If your appetite dropped around the time you started or changed a medication, that timing is worth noting. The effect sometimes fades after a few weeks as your body adjusts, but not always.

Digestive Problems

When your stomach doesn’t empty properly, a condition called gastroparesis, food sits in the stomach longer than it should. This creates persistent fullness, bloating, nausea, and poor appetite. You might feel stuffed after just a few bites. Gastroparesis can result from nerve damage (often related to diabetes), certain medications, or sometimes no identifiable cause at all. Even without a formal gastroparesis diagnosis, slow gut motility from irritable bowel syndrome, acid reflux, or chronic constipation can produce a similar appetite-suppressing effect.

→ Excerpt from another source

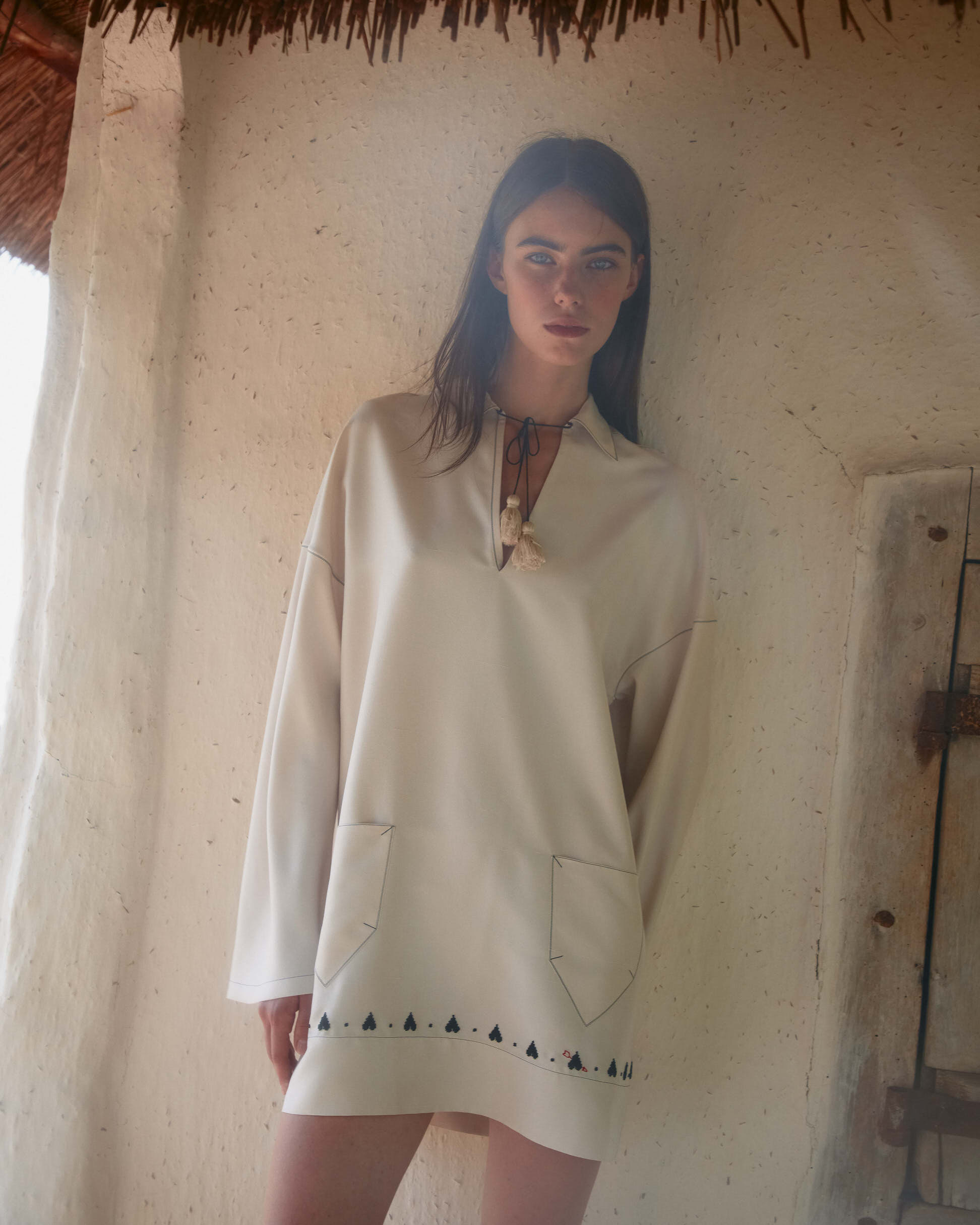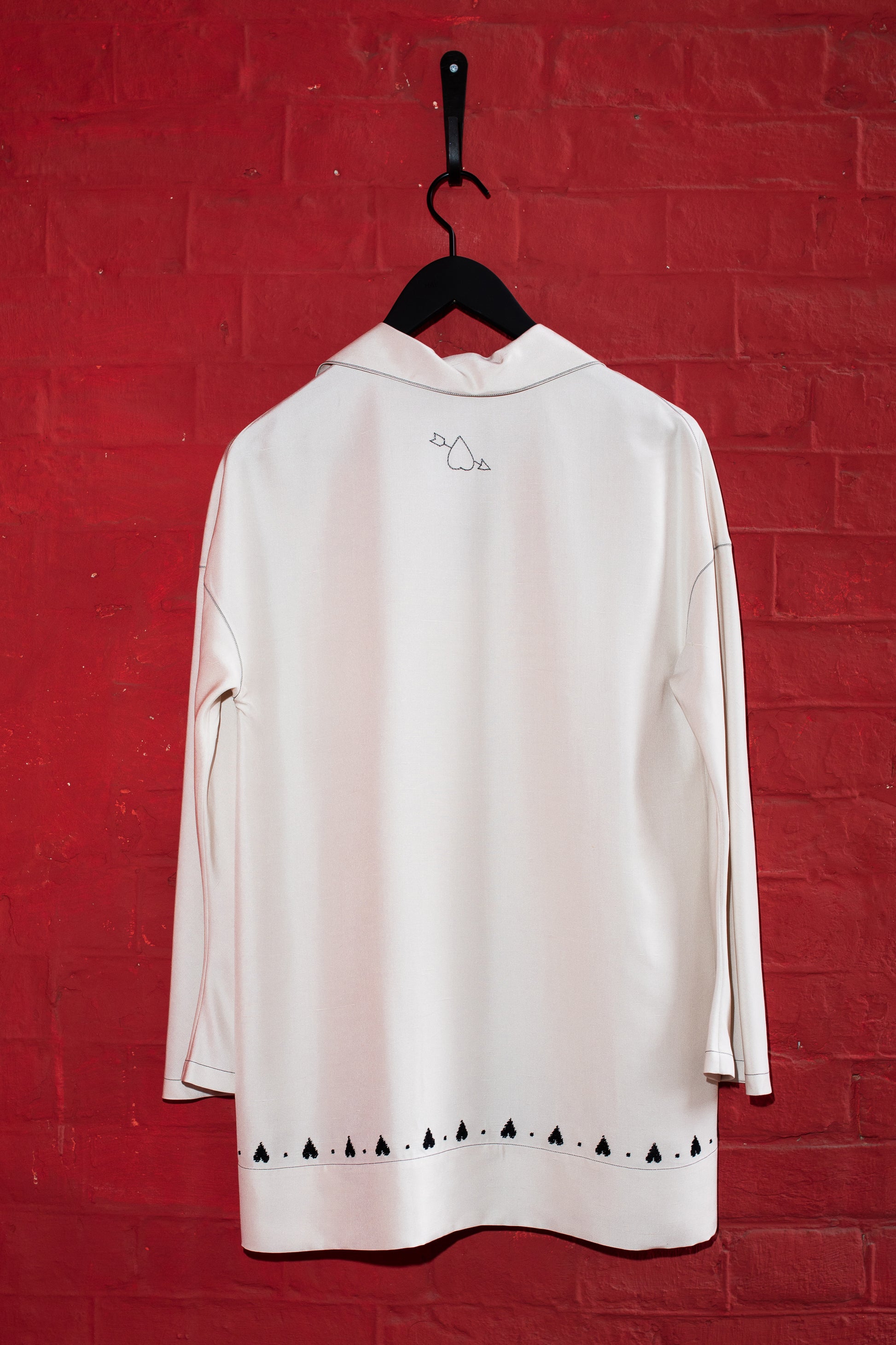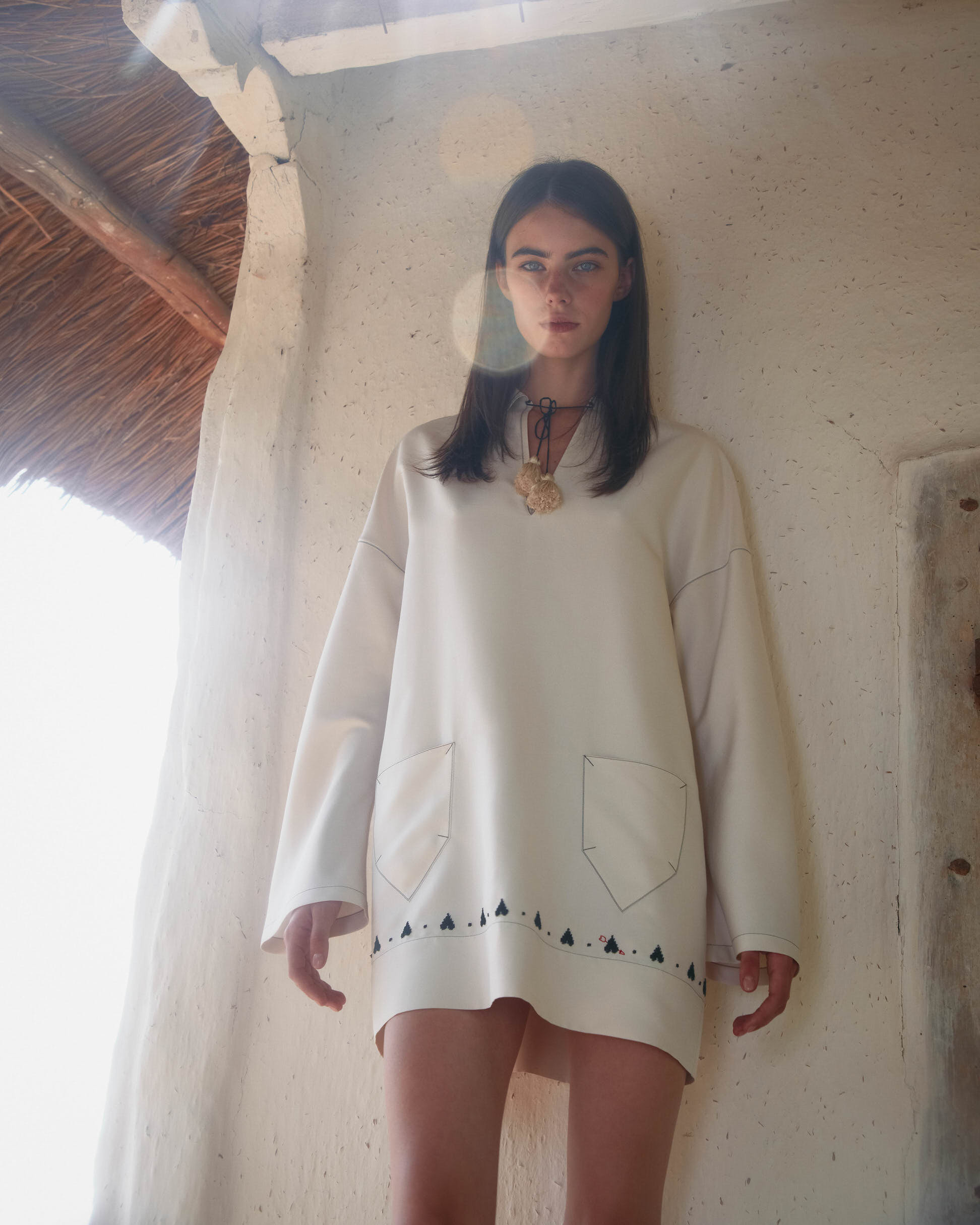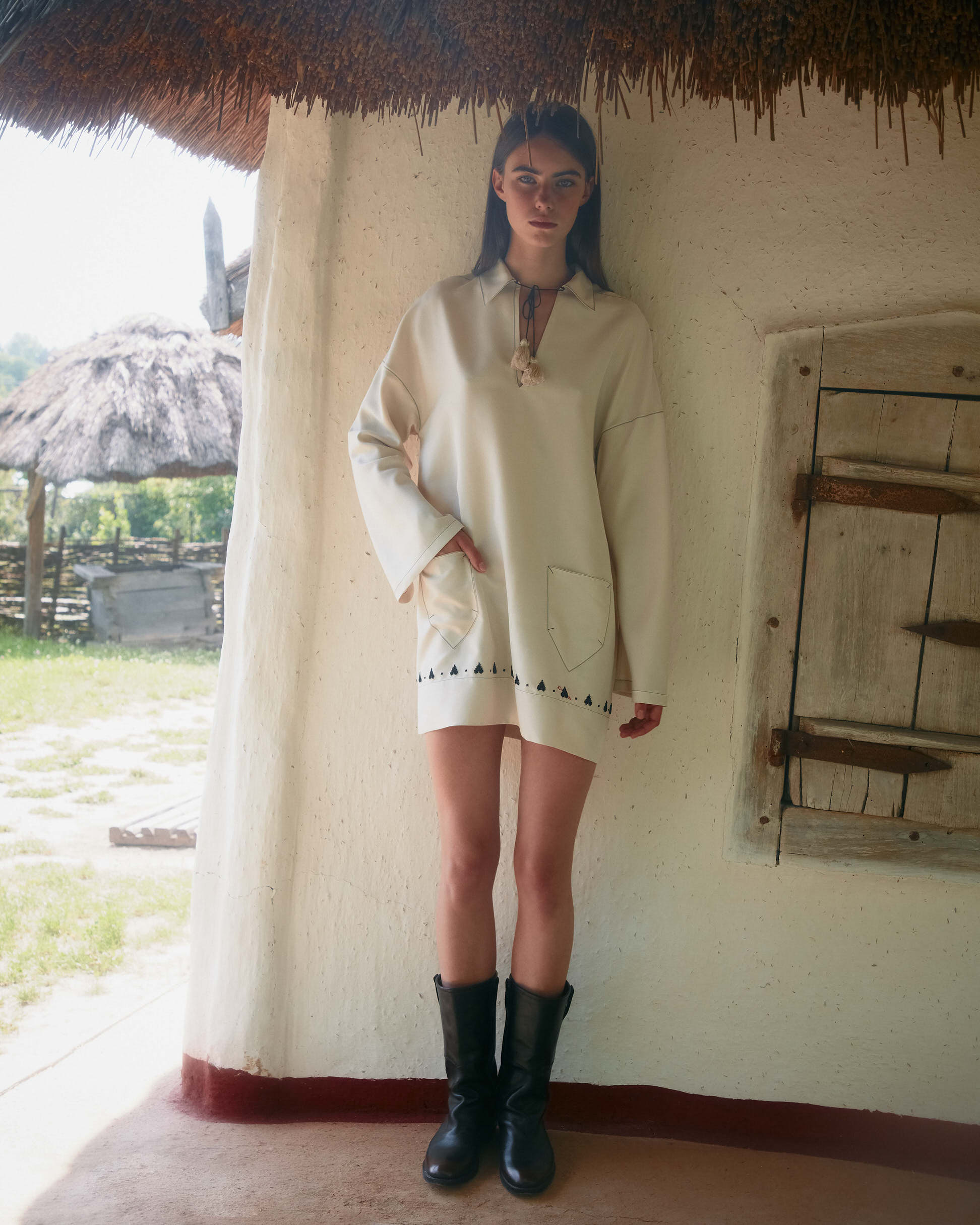 МАЛЕНЬКА СУКНЯ З ЧЕСУЧІ, ПРЯМОГО СИЛУЕТУ ЗІ СПУЩЕНОЮ ПРОЙМОЮ. ПРИКРАШЕНА ВИШИТИМИ СЕРДЕЧКАМИ. ПРИСВЯЧЕНА ДЖЕЙН БІРКІН ТА ЇЇ БЕЗДОГАННОМУ СМАКУ.

Exercise and Physical Activity Changes

If you’ve recently increased your workout intensity, that could explain a temporary dip in hunger. Moderate to vigorous exercise raises levels of several satiety hormones, notably PYY, GLP-1, and PP, which act on appetite circuits in the brain. During exercise, hunger scores drop significantly. The suppression is temporary: it typically fades within an hour or two after you stop. But if you’re training hard daily, the repeated suppression can make it feel like your appetite has shrunk overall.

Aging

Appetite naturally declines with age, a phenomenon so well documented that it has its own clinical name: anorexia of aging. Globally, more than one in five adults over 65 experiences it, and among hospitalized older adults, the rate climbs to nearly 35%. The causes stack up: taste and smell become less sensitive, the stomach empties more slowly, hormonal changes reduce hunger signals, and many older adults take multiple medications that compound the effect. Social factors matter too. Eating alone, reduced mobility that makes cooking harder, and dental problems can all chip away at the desire to eat.

Nutrient Deficiencies

Zinc deficiency creates a particularly frustrating cycle. Low zinc dulls your sense of taste and smell, which makes food less appealing, which reduces how much you eat, which lowers your zinc intake further. Loss of appetite is a recognized symptom of zinc deficiency alongside changes in taste perception. People with restrictive diets, digestive conditions that impair absorption, or eating disorders are at higher risk. Other deficiencies, particularly iron and B vitamins, can also contribute to reduced hunger, often alongside fatigue that makes preparing meals feel like a chore.

Chronic Conditions

Several chronic diseases gradually suppress appetite as they progress. In chronic kidney disease, the kidneys lose their ability to filter waste products from the blood. As these metabolic waste products build up, they cause nausea, vomiting, and a persistent loss of appetite. This tends to worsen as kidney function declines further. Heart failure, chronic liver disease, COPD, and cancer can all produce appetite loss through overlapping mechanisms: chronic low-grade inflammation, hormonal disruption, and the sheer energy cost of managing the disease.

When Decreased Appetite Needs Attention

A few days of reduced hunger after a stressful week or during a cold is normal and rarely a concern. The threshold that warrants medical evaluation is losing 10 pounds, or more than 5% of your body weight, over six to twelve months without trying. This is especially significant if you’re over 65. Unintentional weight loss at that level can signal conditions ranging from thyroid disorders to undiagnosed diabetes to malignancy, and catching them early makes a meaningful difference in outcomes.

Other signs that your decreased appetite deserves a closer look: it persists for more than two weeks with no obvious explanation, it comes with new symptoms like pain, persistent nausea, or fatigue, or it’s accompanied by noticeable changes in mood or sleep. Tracking what you eat for a week, even roughly, gives you and your doctor a concrete starting point rather than a vague sense that something has changed.